INPUT DATA
----------

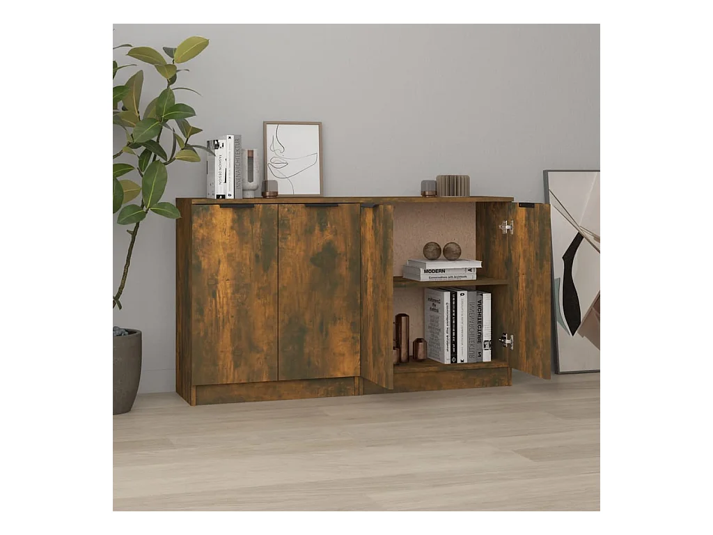 Dressoirs 2 st 60x30x70 cm bewerkt hout gerookt eikenkleurig
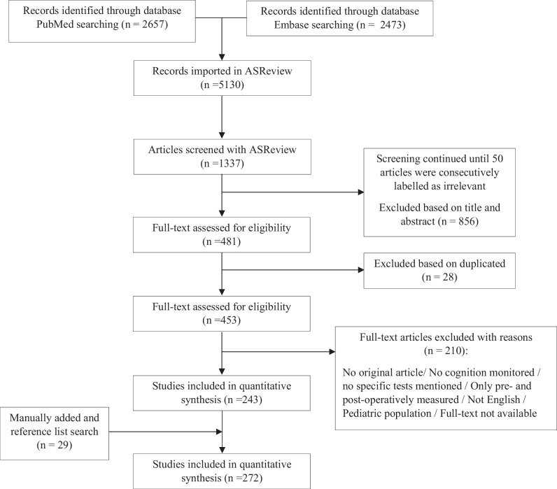 Methods: We replicated the systematic search of the study from 2018 in PubMed and Embase from February 2017 to November 2023, yielding 5130 potentially relevant articles. We used the artificial machine learning tool ASReview for screening and included 272 papers that gave a detailed description of the neuropsychological tests used during awake craniotomy.
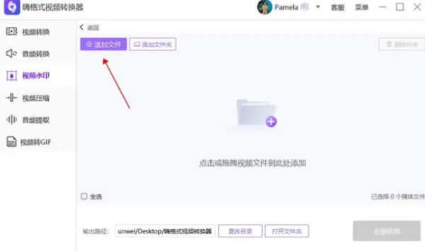 2.在上方点击“添加文件”,导入需要去除水印的视频文件。
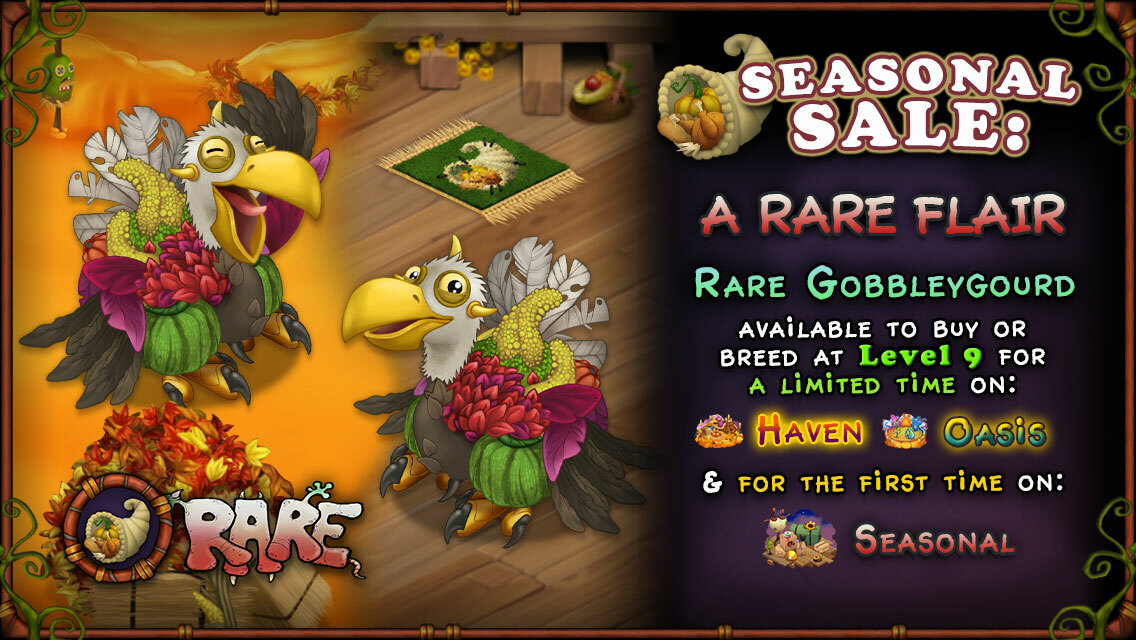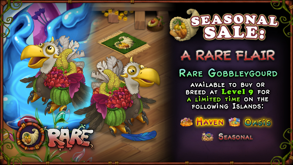 The festive Rare Gobbleygourd is back for a limited time to buy or breed on Fire Haven, Fire Oasis, and available for the first time on Seasonal Shanty! You never know when it's going to appear next, so add it to your collections while you can!

----------

WORK REQUIRED
The needed output is the lines from the one with "Methods: We replicated" through the end of the listing, written out exactly, both ends included, pictures excluded.

SOLUTION TO THIS EXERCISE
 Methods: We replicated the systematic search of the study from 2018 in PubMed and Embase from February 2017 to November 2023, yielding 5130 potentially relevant articles. We used the artificial machine learning tool ASReview for screening and included 272 papers that gave a detailed description of the neuropsychological tests used during awake craniotomy.
 2.在上方点击“添加文件”,导入需要去除水印的视频文件。
 The festive Rare Gobbleygourd is back for a limited time to buy or breed on Fire Haven, Fire Oasis, and available for the first time on Seasonal Shanty! You never know when it's going to appear next, so add it to your collections while you can!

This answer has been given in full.